Zhen Guo refused to accept identification of "non-work-related injuries decision”. She brought the case to Beijing Chaoyang District People's Court. On November 27th, 2013, the Trial Court decided to dismiss Zhen Guo’s claim. Guo Zhen was not satisfied with the verdict, and appealed to the Beijing Third Intermediate People's Court.
Beijing No.3 Intermediate People's Court ruled in the second trial that appeal claims were dismissed and first trial’s verdict was upheld.
Zhen Guo participated in activities that were organized by departments, colleagues voluntarily participated, and employees used their free time for the tourism and leisure activities. Zhen Guo’s injury was due to horse riding at her own expense, not during work time or participating in work-related activities.

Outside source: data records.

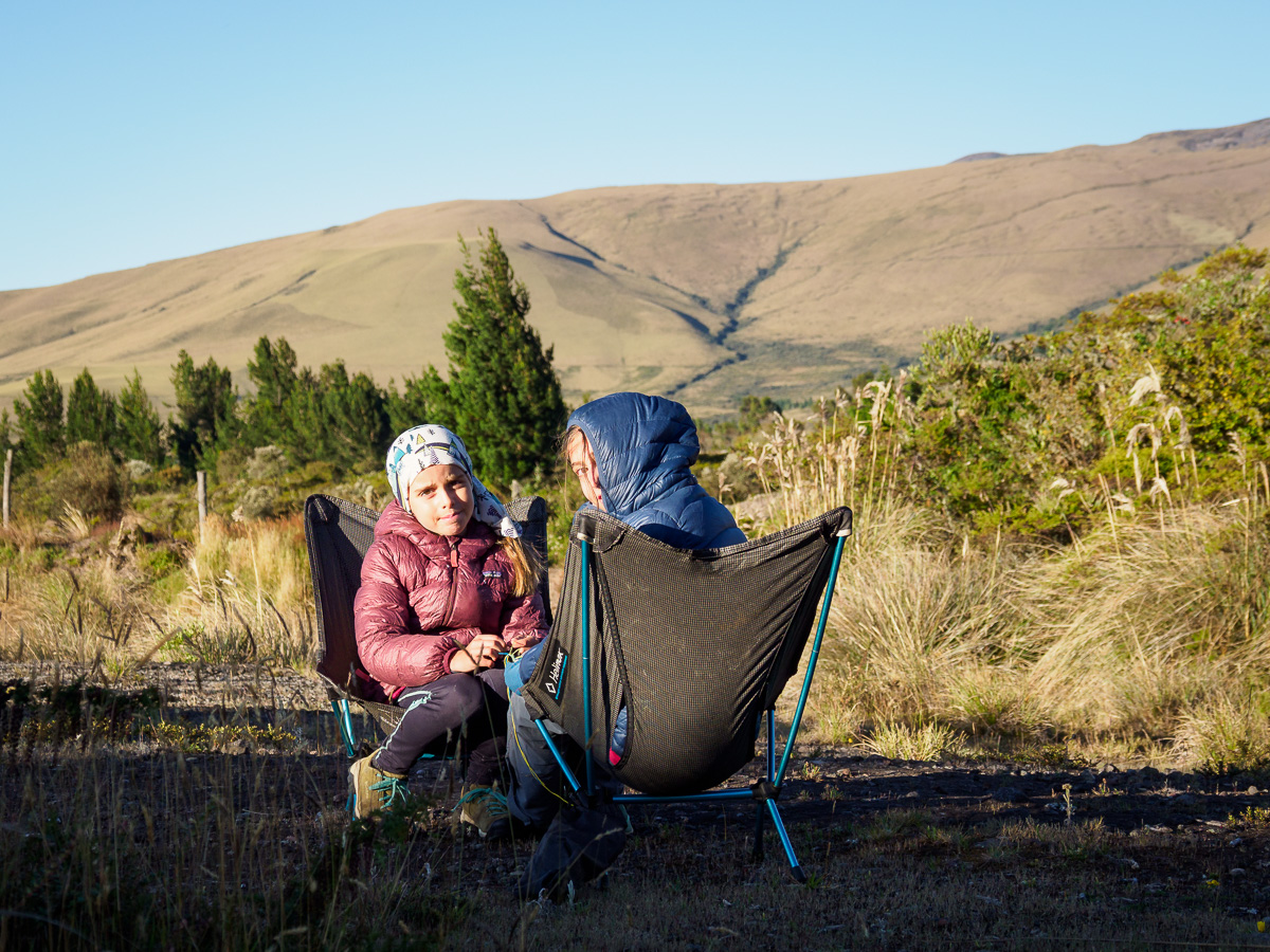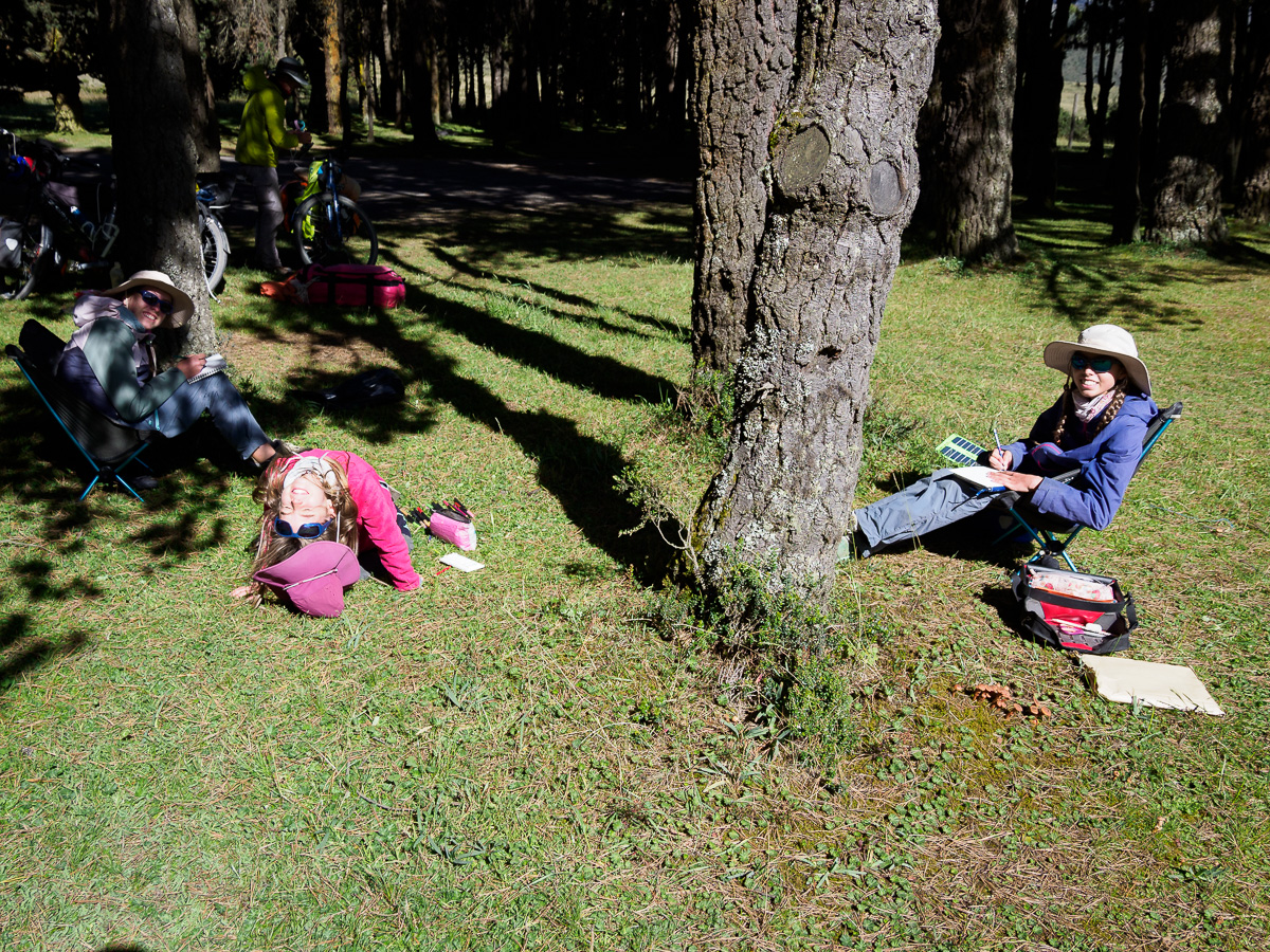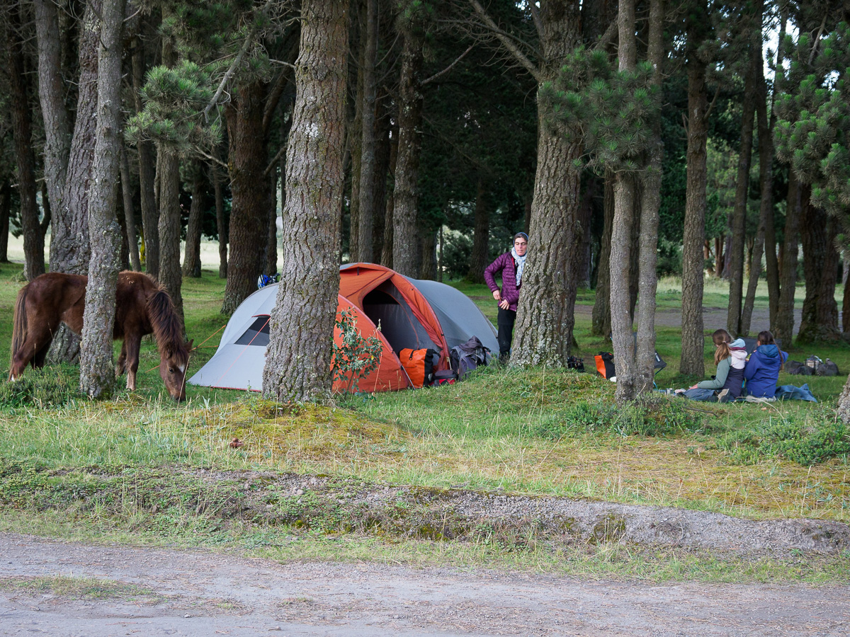 Nous nous dirigeons, toujours sous l’oeil du Cotopaxi, vers l’aire de Camping de la Rinconada. Un véritable paradis sous les pins avec vue directe sur le volcan! Bivouac de rêve, où nous resterons deux nuits. Pour le moment, nous installons chaises et hamac pour profiter de la fin d’après midi ensoleillée.
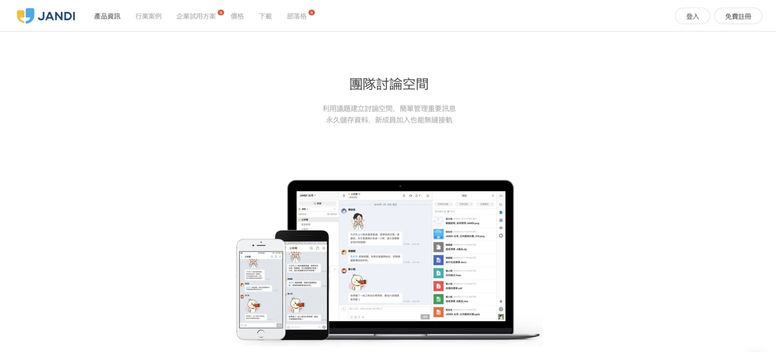 JANDI 的【产品资讯】页面是一页式网页,介绍产品和服务特点
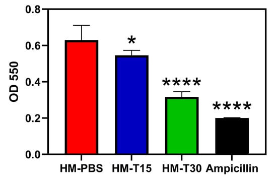 The biofilm-forming ability of S. aureus on HMs is illustrated in Figure 5. Biofilm formation in the HM-T15, HMT30, and ampicillin groups was significantly lower than in the HM-PBS group (p < 0.05). Both HM-T15 and HM-T30 significantly inhibited S. aureus biofilm formation.
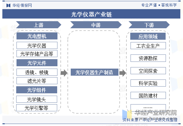 我國(guó)光學(xué)儀器行業(yè)產(chǎn)業(yè)鏈上游主要包括光電整機(jī)、光學(xué)元件以及光學(xué)組件供應(yīng)商;中游為光學(xué)儀器生產(chǎn)制造環(huán)節(jié),下游應(yīng)用領(lǐng)域廣泛,是工農(nóng)業(yè)生產(chǎn)、資源勘探空間探索、科學(xué)實(shí)驗(yàn)、國(guó)防建設(shè)以及社會(huì)生活各個(gè)領(lǐng)域不可缺少的觀察、測(cè)試分析、控制、記錄和傳遞的工具。
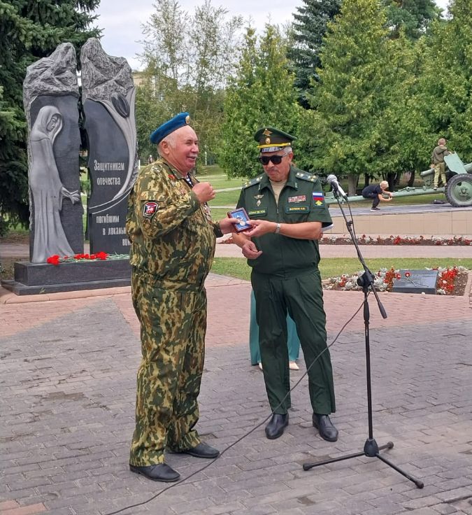 Виктор Михайлович от имени Председателя Совета Общероссийской общественной организации ветеранов ВС РФ генерала армии Виктора Федоровича Ермакова вручил медаль «Жене десантника» супруге майора-десантника Александра Бурова за активную работу по военно-патриотическому воспитанию молодёжи и помощь военнослужащим, выполняющим задачи в ходе СВО.
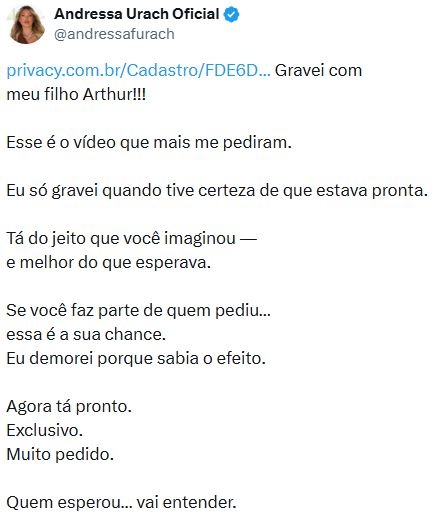 Segundo Andressa, o conteúdo só foi produzido quando ela se sentiu preparada. “Foi o vídeo que mais me pediram. Só gravei quando tive certeza de que estava pronta”, escreveu, destacando que tudo ocorreu dentro da legalidade.
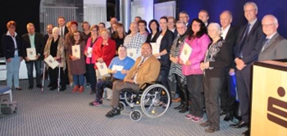Feierstunde aus Anlass des Jubiläums "10 Jahre Familienbündnis". Unser Foto zeigt die Gruppe der Geehrten aus dem Wettbewerb "Gute Beispiele im Ehrenamt". Der Vertreter des Bundesfamilienministeriums, Dr. Thomas Metker (Zweiter von rechts), der die Glückwünsche von Familienministerin Dr. Franziska Giffey überbrachte und die Festrede hielt, zeigte sich sehr beeindruckt von den Aktivitäten im Vogelsbergkreis. Foto: Erich Ruhl-Bady
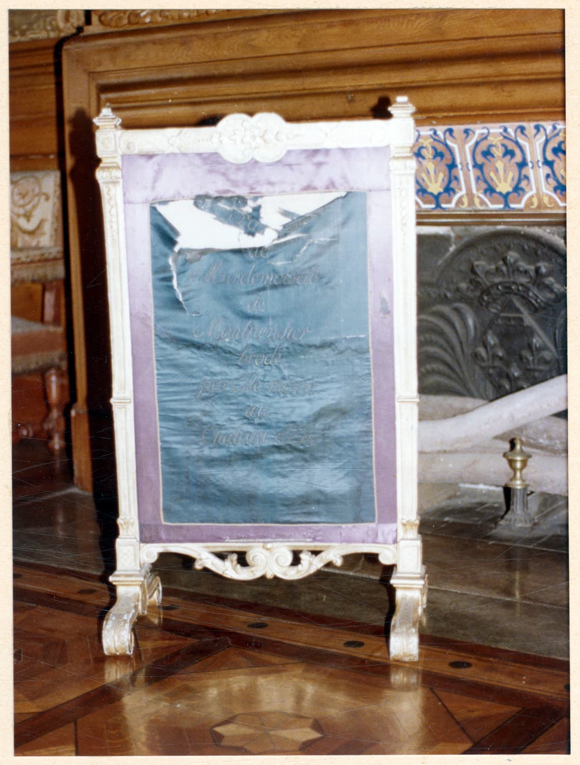 piétement en forme de volute orné de feuilles. cadre rectangulaire décorée de fleurons. tissu de soie brodé
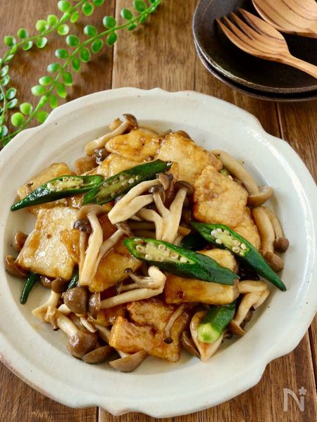 『冷凍豆腐とおくらとしめじの甘辛炒め』
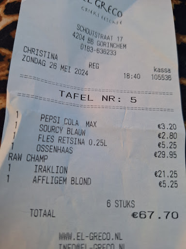 Read moreEen avondje met familie. Wij waren wat later dus parkeren was een dingetje. Maar om de hoek een parkeerplek gevonden. Toen wij binnen kwamen, was het erg lawaaierig. Na zo'n minuut of 10 kwam de serveerster om te vragen of wij wat wilden drinken. De rest had al wat. Daarna kwam de menukaart. Het tafeltje naast ons zat nauwelijks en daar werd gelijk gevraagd of zij een Ouzo van het huis wilden. Huh, dat werd ons niet gevraagd. Gelukkig is mijn zwager brutaal dus gevraagd of dat ook voor ons kon gelden. En daar kwam de Ouzo. Een keuze werd gemaakt. Een Griekse tafel voor 2 personen, pittige kip, bifteki, een leeg bord voor de kleine en een voorgerecht voor mij als hoofdgerecht. Er was vantevoren gezegd dat het veel zou zijn dus geen voorgerechten behalve een broodje met kruidenboter en tzaziki. De kruidenboter was erg weinig voor het brood en bij de tzaziki zat niets aan brood? Toen de hoofdgerechten. Alles kwam op tafel behalve het voorgerecht, Feta Saganaki. Mijn zus had haar bord al bijna leeg terwijl mijn voorgerecht nog steeds niet op tafel stond. Eindelijk kwam mijn gerecht. Twee stukken gefrituurde feta met een bakkie honing. Dat voor € 11,50? Het brood wat bij dit gerecht hoort, ontbrak. Ook de koolsalade was bijzonder. Het was een salade met hompen sla, komkommer, tomaat, ui, wat olijven, wat feta en paprika. Genoeg patat maar geen mayo erbij. Af en toe werd er gevraagd of wij nog wat wilden drinken. Ik vond de gyros op de Griekse tafel schotel wat flauw. De bifteki op de schotel was leeg? Dan is het toch geen bifteki? Misschien zijn wij verwend met een Griek in de buurt maar voor mij was dit een...
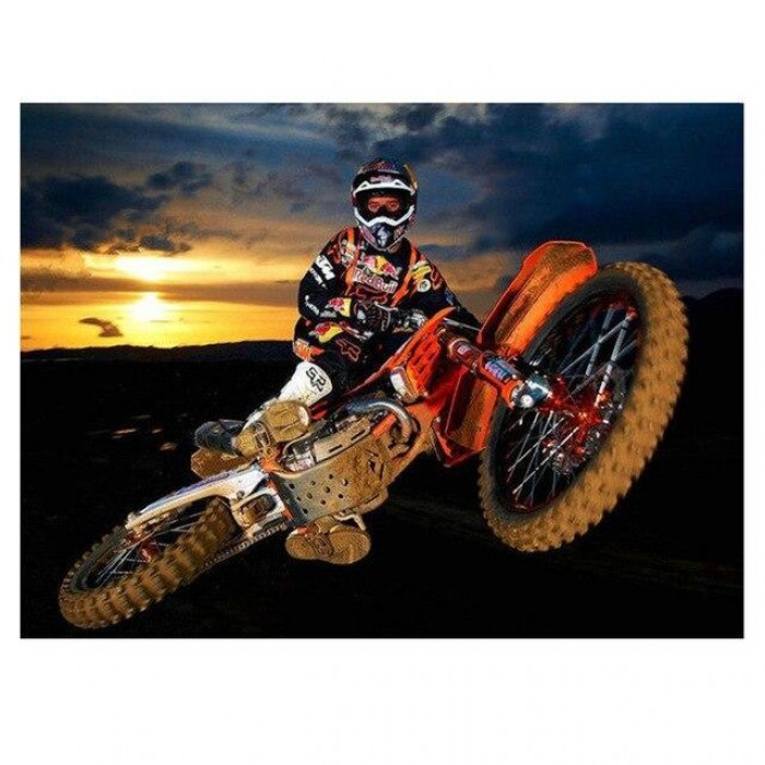 Le pilote de motocross effectue une cascade de moto qui se rapproche presque du soleil couchant. La manœuvre professionnelle est épatante, car elle crée un itinéraire spectaculaire dans les airs. Par l’action heureuse de cette broderie diamant, votre maison sera le meilleur endroit pour appréciez cette œuvre conçue de toute pièce par vos soins.

That injury does not meet the standard of work-related injuries or a work injury situation that the Employment Insurance Regulations requires.
Source of the case: Judgment Document Website
KWM Comment: For employee benefits or for team building, the employer may organize group activities. To determine whether employees’ injuries should be identified as work-related injuries, the Bureau should consider the activity’s time, place and the relationship between activity and work. This case’s judgment in determining the scope of related injuries explicitly excluded the circumstance where the injury occurred in an activity organized by department, and the participation is at their own wiling and expense. The ruling is worthy of attention by employers.